§ Your instructions
Restate word for word all of the lines below, with each image left out.

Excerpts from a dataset
--------------------------------
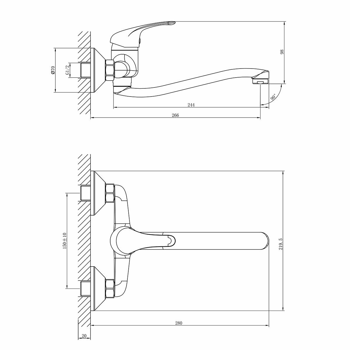 ROSSINKA A35-24, Смеситель для кухонной мойки одноручный (35 мм), настенный с нижним изливом, хром
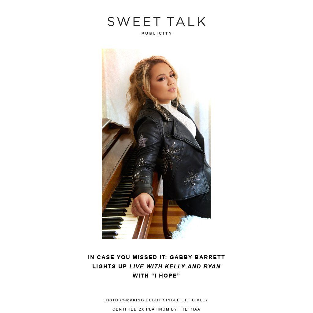 Warner Music Nashville’s Gabby Barrett is setting the trend. With her debut single “I Hope,” Barrett became the first-ever female artist with a Country song to log over 10 MILLION on-demand streams in a single week with 11.3 MILLION, adding to her over 400 MILLION on-demand streams. The "lightning-in-a-bottle single" (PEOPLE) raced to #16 on Billboard's Hot 100 Chart, making history as the first solo female debut single to reach Country radio’s summit since 2017 and the youngest artist to debut with a #1 in over two decades. Spotlighted as a SiriusXM + Pandora All-Genre and Country Artist to Watch, Radio Disney’s Next Big Thing, and Amazon Music’s Weekly One best performing Country female of 2019, she continues to rise through the ranks as “country music's rising star” (E!). “A voice you must hear,” (The Pittsburgh Tribune-Review) the ACM New Female Artist of the Year nominee has opened for Dierks Bentley, Kane Brown, Luke Bryan, Toby Keith, Chris Lane, Dustin Lynch, Jake Owen, Bebe Rexha, Cole Swindell, Sugarland, and Carrie Underwood. Her debut album, GOLDMINE, is out now, featuring sophomore single “The Good Ones” and a crossover remix of “I Hope” feat. Charlie Puth.
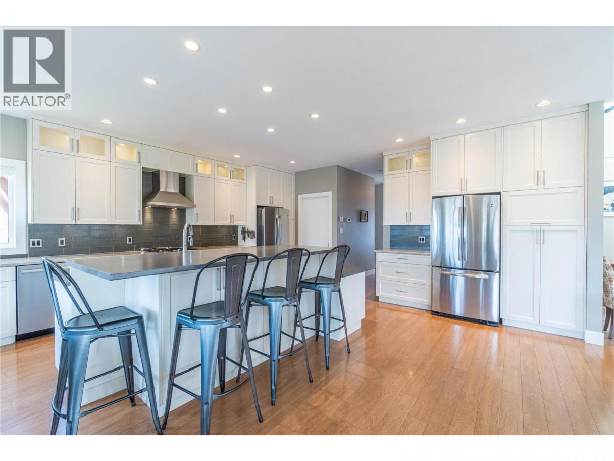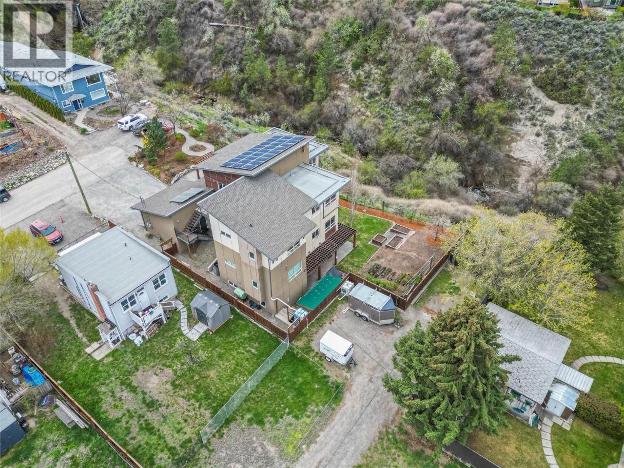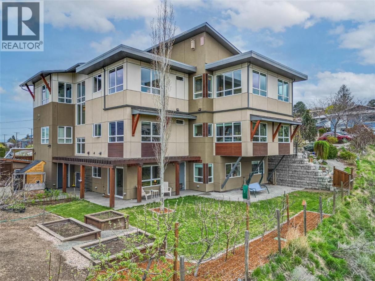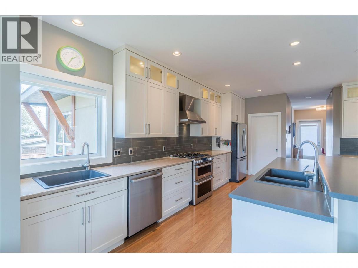 ONE OF A KIND! This is the perfect home for the large family or group living Main floor boasts a breathtaking open plan with huge windows to capture the stunning views. The large island kitchen boasts 2 dishwashers & stainless appliances plus a large walk in pantry for great storage. Wall of cabinets with clever microwave cabinet built in. The spacious living and dining room are great for the largest gatherings with panoramic views from every window. 2 large bedrooms with 4pc ensuites on the main plus 2pc guest bath and office area with outer door. Central shaft for future elevator provides great storage on each level till elevator is desired. Upper floor features 4 more deluxe bedrooms each with a 4pc ensuite and large closet. Upper laundry room, plus a dramatic library that overlooks the vaulted ceiling with feature origami crane mobile. Outer door to relaxation deck and external staircase. Basement level enjoys access to the fenced yard & gardens with UG sprinklers for easy care. 2 more bedrooms down with shared 4pc bath, large rec room and laundry room. This area designed for future suite if desired. Utility room has components for the solar heat recovery system, Central Air, HRV system and extra storage plus featured climate controlled cold room pantry. Property comes with 9 open parking spaces plus double garage. (id:6769)
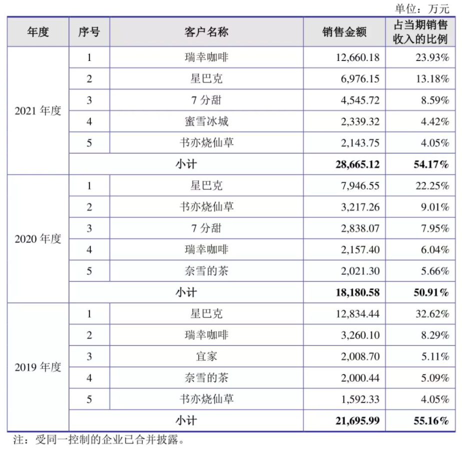 大客戶在德馨食品的收入中影響很大——前五大客戶合計(jì)占當(dāng)期銷售收入的一半比重。前幾大重要客戶維持在星巴克、瑞幸咖啡、宜家、奈雪的茶、書亦燒仙草、7分甜、蜜雪冰城、宜家。
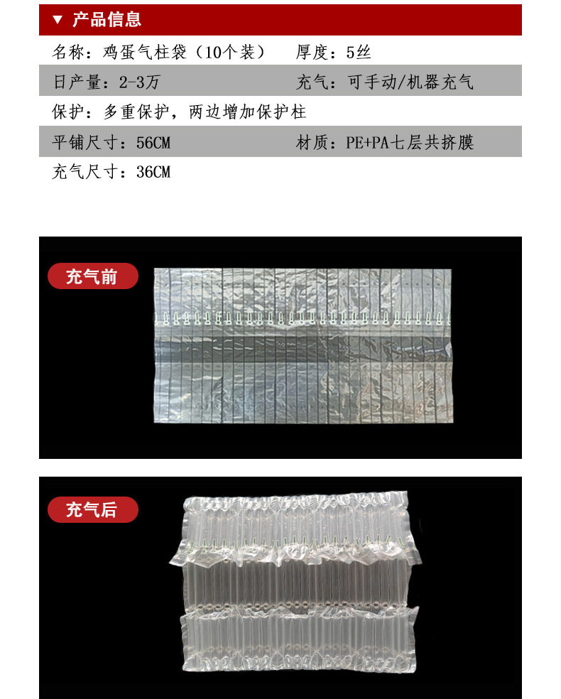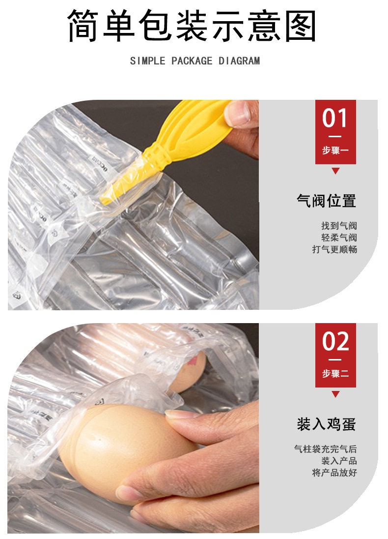 | Specifications and models | 5-column, 10-piece egg air column bag; pe+pa; thickened,6-column 10-piece egg air column bag; pe+pa; thickened |
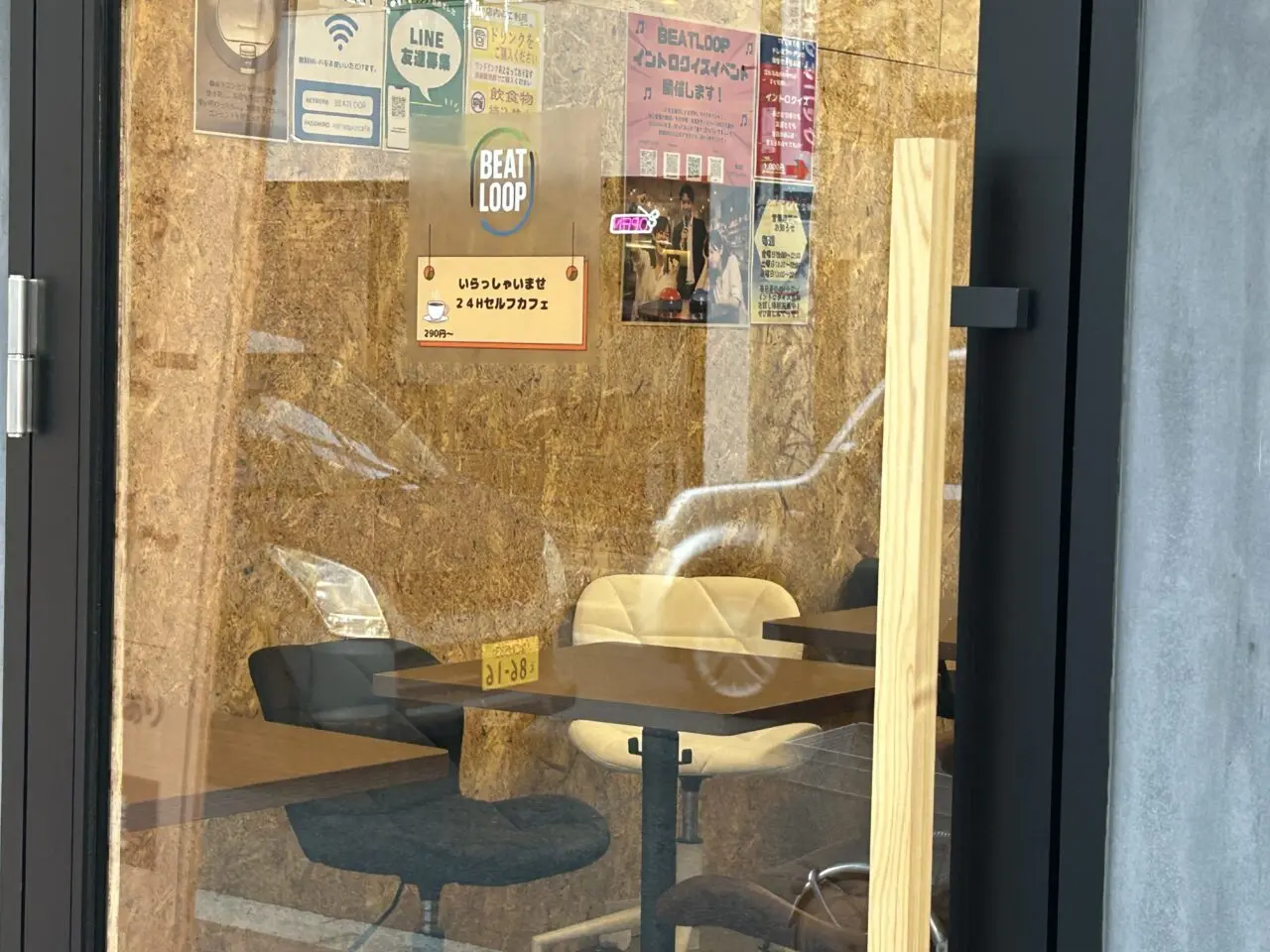 外から店内をのぞくと、木目調の落ち着いた空間にテーブル席が並び、Wi-Fiや電源も利用できる様子でした。入口には料金や利用方法の案内も掲示されており、無人スタイルで気軽に使えるカフェのようです。ちょっとした作業や勉強、待ち時間の利用にも重宝しそうですね。
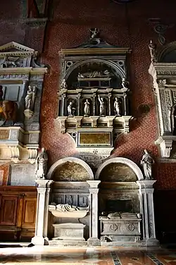 The Tomb of Antipope John XXIII in Florence is a grand Early Renaissance wall tomb by Donatello and Michelozzo; although classical in style, it reflects the somewhat inharmonious stacking up of different elements typical of major Gothic tombs. It has a life-size effigy, also known as a gisant, lying on the sarcophagus, which was common from the Romanesque period through to the Baroque and beyond.[106] Ruling dynasties were often buried together, usually in monasteries; the Chartreuse de Champmol was founded for that purpose by the Valois Dukes of Burgundy in 1383. The Scaliger tombs in Verona are magnificent free-standing Gothic canopied tombs—they are outside the church in a special enclosure, and so are unrestricted in height.[107] Important churches like St Peter's in Rome, St Paul's Cathedral, London, Santi Giovanni e Paolo, Venice (twenty-five Doges), and the Basilica of Santa Croce, Florence contain large numbers of impressive monuments to the great and the good, created by the finest architects and sculptors available. Local parish churches are also often full of monuments, which may include large and artistically significant ones for local landowners and notables. Often a prominent family would add a special chapel for their use, including their tombs; in Catholic countries, bequests would pay for masses to be said in perpetuity for their souls. By the High Renaissance, led by Michelangelo's tombs, the effigies are often sitting up, and later may stand. Often they turn towards the altar, or are kneeling facing it in profile.[108]
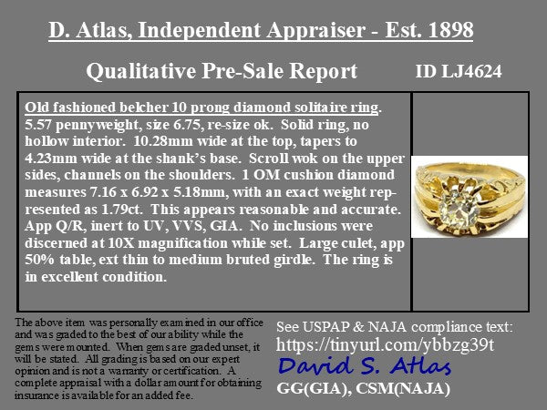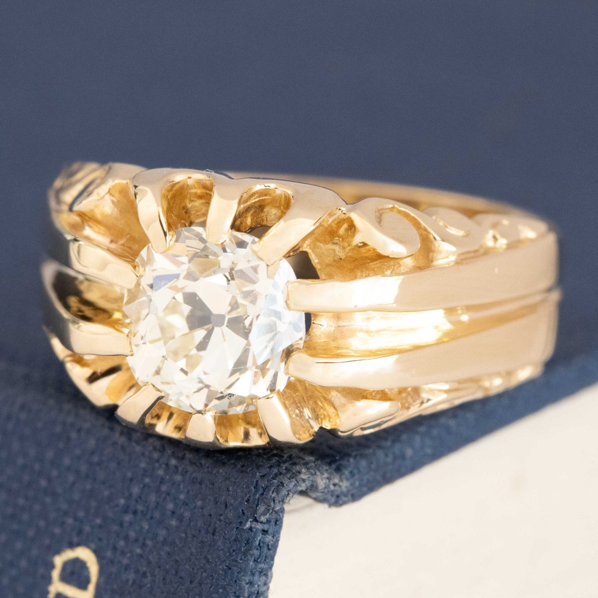 1.79ct Vintage Old Mine Cut Diamond Belcher Solitaire
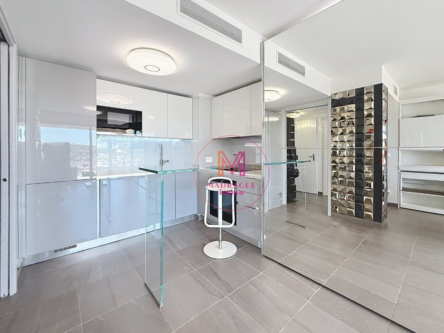 2P réinventé en loft de 43.8 m² avec terrasse, vue panoramique sur la mer et collines.
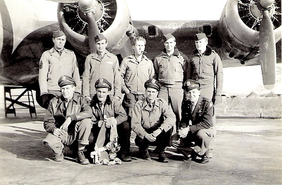 Back Row L to R: T/Sgt Dale A. Perry (engineer), S/Sgt James E. Kelly (ball turret), Sgt Ansel "Jack" Byers (radio operator), Sgt Richard V. Drummond (waist gunner), Sgt Robert F. Gaines (tail gunner)
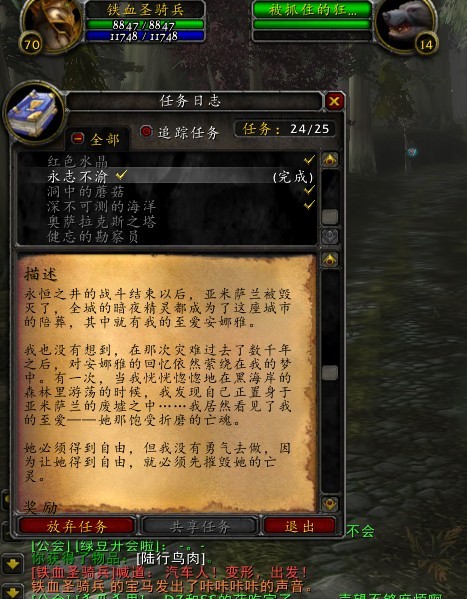 帮助朋友做骑士战马任务,想到60级的时候自己掏了1000金币,从厄运跑到斯坦索姆,最后还要去通灵学院做“审判与救赎”任务,话说当时最后一步卡了差点让我心碎,现在取消这个任务,真的有点不应该,让更多的人失去了体验这个游戏剧情的机会。
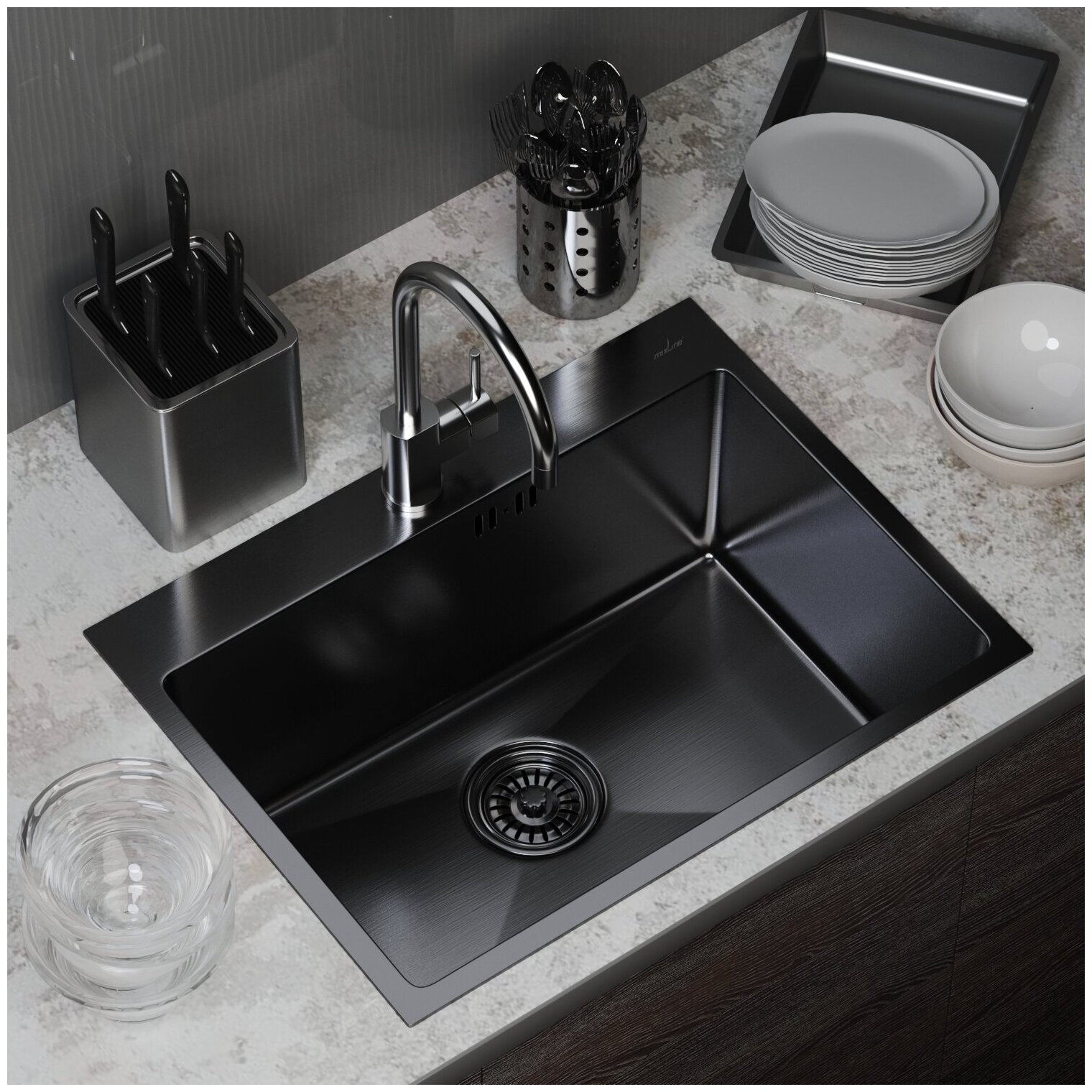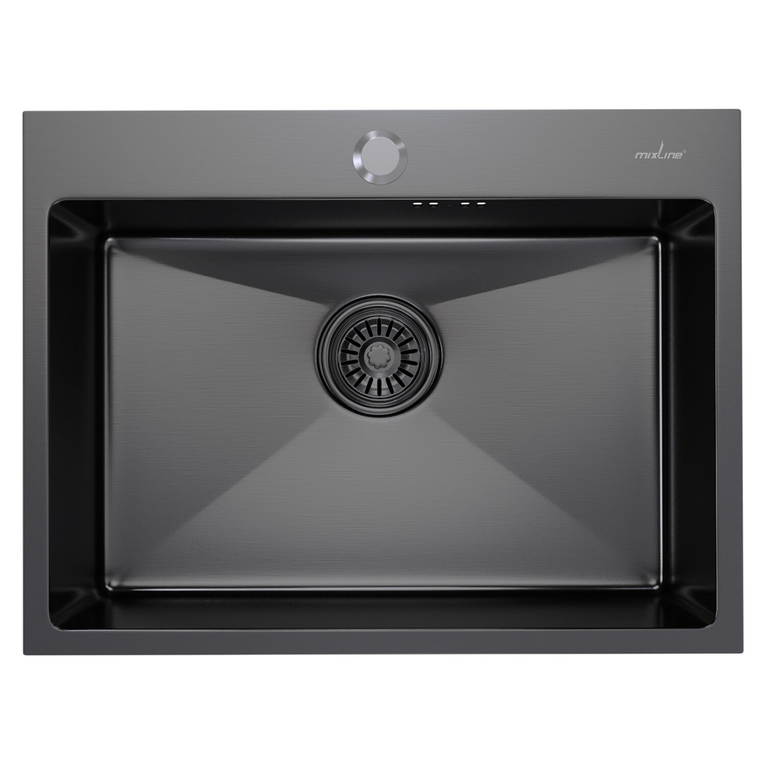 Мойка для кухни Mixline Pro 600х450х200 мм врезная прямоугольная с сифоном нержавеющая сталь черная (547236)
--------------------------------
§ Answer to the exercise
 ROSSINKA A35-24, Смеситель для кухонной мойки одноручный (35 мм), настенный с нижним изливом, хром
 Warner Music Nashville’s Gabby Barrett is setting the trend. With her debut single “I Hope,” Barrett became the first-ever female artist with a Country song to log over 10 MILLION on-demand streams in a single week with 11.3 MILLION, adding to her over 400 MILLION on-demand streams. The "lightning-in-a-bottle single" (PEOPLE) raced to #16 on Billboard's Hot 100 Chart, making history as the first solo female debut single to reach Country radio’s summit since 2017 and the youngest artist to debut with a #1 in over two decades. Spotlighted as a SiriusXM + Pandora All-Genre and Country Artist to Watch, Radio Disney’s Next Big Thing, and Amazon Music’s Weekly One best performing Country female of 2019, she continues to rise through the ranks as “country music's rising star” (E!). “A voice you must hear,” (The Pittsburgh Tribune-Review) the ACM New Female Artist of the Year nominee has opened for Dierks Bentley, Kane Brown, Luke Bryan, Toby Keith, Chris Lane, Dustin Lynch, Jake Owen, Bebe Rexha, Cole Swindell, Sugarland, and Carrie Underwood. Her debut album, GOLDMINE, is out now, featuring sophomore single “The Good Ones” and a crossover remix of “I Hope” feat. Charlie Puth.
 ONE OF A KIND! This is the perfect home for the large family or group living Main floor boasts a breathtaking open plan with huge windows to capture the stunning views. The large island kitchen boasts 2 dishwashers & stainless appliances plus a large walk in pantry for great storage. Wall of cabinets with clever microwave cabinet built in. The spacious living and dining room are great for the largest gatherings with panoramic views from every window. 2 large bedrooms with 4pc ensuites on the main plus 2pc guest bath and office area with outer door. Central shaft for future elevator provides great storage on each level till elevator is desired. Upper floor features 4 more deluxe bedrooms each with a 4pc ensuite and large closet. Upper laundry room, plus a dramatic library that overlooks the vaulted ceiling with feature origami crane mobile. Outer door to relaxation deck and external staircase. Basement level enjoys access to the fenced yard & gardens with UG sprinklers for easy care. 2 more bedrooms down with shared 4pc bath, large rec room and laundry room. This area designed for future suite if desired. Utility room has components for the solar heat recovery system, Central Air, HRV system and extra storage plus featured climate controlled cold room pantry. Property comes with 9 open parking spaces plus double garage. (id:6769)
 大客戶在德馨食品的收入中影響很大——前五大客戶合計(jì)占當(dāng)期銷售收入的一半比重。前幾大重要客戶維持在星巴克、瑞幸咖啡、宜家、奈雪的茶、書亦燒仙草、7分甜、蜜雪冰城、宜家。
 | Specifications and models | 5-column, 10-piece egg air column bag; pe+pa; thickened,6-column 10-piece egg air column bag; pe+pa; thickened |
 外から店内をのぞくと、木目調の落ち着いた空間にテーブル席が並び、Wi-Fiや電源も利用できる様子でした。入口には料金や利用方法の案内も掲示されており、無人スタイルで気軽に使えるカフェのようです。ちょっとした作業や勉強、待ち時間の利用にも重宝しそうですね。
 The Tomb of Antipope John XXIII in Florence is a grand Early Renaissance wall tomb by Donatello and Michelozzo; although classical in style, it reflects the somewhat inharmonious stacking up of different elements typical of major Gothic tombs. It has a life-size effigy, also known as a gisant, lying on the sarcophagus, which was common from the Romanesque period through to the Baroque and beyond.[106] Ruling dynasties were often buried together, usually in monasteries; the Chartreuse de Champmol was founded for that purpose by the Valois Dukes of Burgundy in 1383. The Scaliger tombs in Verona are magnificent free-standing Gothic canopied tombs—they are outside the church in a special enclosure, and so are unrestricted in height.[107] Important churches like St Peter's in Rome, St Paul's Cathedral, London, Santi Giovanni e Paolo, Venice (twenty-five Doges), and the Basilica of Santa Croce, Florence contain large numbers of impressive monuments to the great and the good, created by the finest architects and sculptors available. Local parish churches are also often full of monuments, which may include large and artistically significant ones for local landowners and notables. Often a prominent family would add a special chapel for their use, including their tombs; in Catholic countries, bequests would pay for masses to be said in perpetuity for their souls. By the High Renaissance, led by Michelangelo's tombs, the effigies are often sitting up, and later may stand. Often they turn towards the altar, or are kneeling facing it in profile.[108]
 1.79ct Vintage Old Mine Cut Diamond Belcher Solitaire
 2P réinventé en loft de 43.8 m² avec terrasse, vue panoramique sur la mer et collines.
 Back Row L to R: T/Sgt Dale A. Perry (engineer), S/Sgt James E. Kelly (ball turret), Sgt Ansel "Jack" Byers (radio operator), Sgt Richard V. Drummond (waist gunner), Sgt Robert F. Gaines (tail gunner)
 帮助朋友做骑士战马任务,想到60级的时候自己掏了1000金币,从厄运跑到斯坦索姆,最后还要去通灵学院做“审判与救赎”任务,话说当时最后一步卡了差点让我心碎,现在取消这个任务,真的有点不应该,让更多的人失去了体验这个游戏剧情的机会。
 Мойка для кухни Mixline Pro 600х450х200 мм врезная прямоугольная с сифоном нержавеющая сталь черная (547236)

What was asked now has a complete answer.